**INPUT DATA:**
==*==

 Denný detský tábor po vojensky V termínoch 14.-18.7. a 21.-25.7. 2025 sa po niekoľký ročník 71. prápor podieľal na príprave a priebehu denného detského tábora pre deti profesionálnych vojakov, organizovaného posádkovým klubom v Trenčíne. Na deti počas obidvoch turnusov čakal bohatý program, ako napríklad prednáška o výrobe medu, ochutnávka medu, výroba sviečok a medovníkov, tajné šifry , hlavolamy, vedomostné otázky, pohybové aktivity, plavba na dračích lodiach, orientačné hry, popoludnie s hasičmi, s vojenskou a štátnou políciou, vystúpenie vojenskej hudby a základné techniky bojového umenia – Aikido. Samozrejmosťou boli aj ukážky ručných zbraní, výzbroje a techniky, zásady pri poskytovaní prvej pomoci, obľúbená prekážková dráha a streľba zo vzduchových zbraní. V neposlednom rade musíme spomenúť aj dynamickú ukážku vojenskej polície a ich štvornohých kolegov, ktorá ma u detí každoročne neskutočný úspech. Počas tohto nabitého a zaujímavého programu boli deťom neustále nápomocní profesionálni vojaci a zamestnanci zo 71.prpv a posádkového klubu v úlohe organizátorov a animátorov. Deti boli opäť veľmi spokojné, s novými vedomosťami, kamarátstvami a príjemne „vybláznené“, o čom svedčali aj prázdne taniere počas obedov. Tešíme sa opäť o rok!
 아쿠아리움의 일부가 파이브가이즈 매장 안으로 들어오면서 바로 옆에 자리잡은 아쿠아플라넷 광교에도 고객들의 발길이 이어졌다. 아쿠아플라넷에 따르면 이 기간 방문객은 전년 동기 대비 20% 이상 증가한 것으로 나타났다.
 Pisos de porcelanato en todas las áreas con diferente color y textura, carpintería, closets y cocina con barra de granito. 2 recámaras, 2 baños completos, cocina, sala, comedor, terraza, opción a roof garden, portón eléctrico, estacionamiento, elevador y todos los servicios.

==*==

So that nothing is lost, restate all the material word for word.

 Denný detský tábor po vojensky V termínoch 14.-18.7. a 21.-25.7. 2025 sa po niekoľký ročník 71. prápor podieľal na príprave a priebehu denného detského tábora pre deti profesionálnych vojakov, organizovaného posádkovým klubom v Trenčíne. Na deti počas obidvoch turnusov čakal bohatý program, ako napríklad prednáška o výrobe medu, ochutnávka medu, výroba sviečok a medovníkov, tajné šifry , hlavolamy, vedomostné otázky, pohybové aktivity, plavba na dračích lodiach, orientačné hry, popoludnie s hasičmi, s vojenskou a štátnou políciou, vystúpenie vojenskej hudby a základné techniky bojového umenia – Aikido. Samozrejmosťou boli aj ukážky ručných zbraní, výzbroje a techniky, zásady pri poskytovaní prvej pomoci, obľúbená prekážková dráha a streľba zo vzduchových zbraní. V neposlednom rade musíme spomenúť aj dynamickú ukážku vojenskej polície a ich štvornohých kolegov, ktorá ma u detí každoročne neskutočný úspech. Počas tohto nabitého a zaujímavého programu boli deťom neustále nápomocní profesionálni vojaci a zamestnanci zo 71.prpv a posádkového klubu v úlohe organizátorov a animátorov. Deti boli opäť veľmi spokojné, s novými vedomosťami, kamarátstvami a príjemne „vybláznené“, o čom svedčali aj prázdne taniere počas obedov. Tešíme sa opäť o rok!
 아쿠아리움의 일부가 파이브가이즈 매장 안으로 들어오면서 바로 옆에 자리잡은 아쿠아플라넷 광교에도 고객들의 발길이 이어졌다. 아쿠아플라넷에 따르면 이 기간 방문객은 전년 동기 대비 20% 이상 증가한 것으로 나타났다.
 Pisos de porcelanato en todas las áreas con diferente color y textura, carpintería, closets y cocina con barra de granito. 2 recámaras, 2 baños completos, cocina, sala, comedor, terraza, opción a roof garden, portón eléctrico, estacionamiento, elevador y todos los servicios.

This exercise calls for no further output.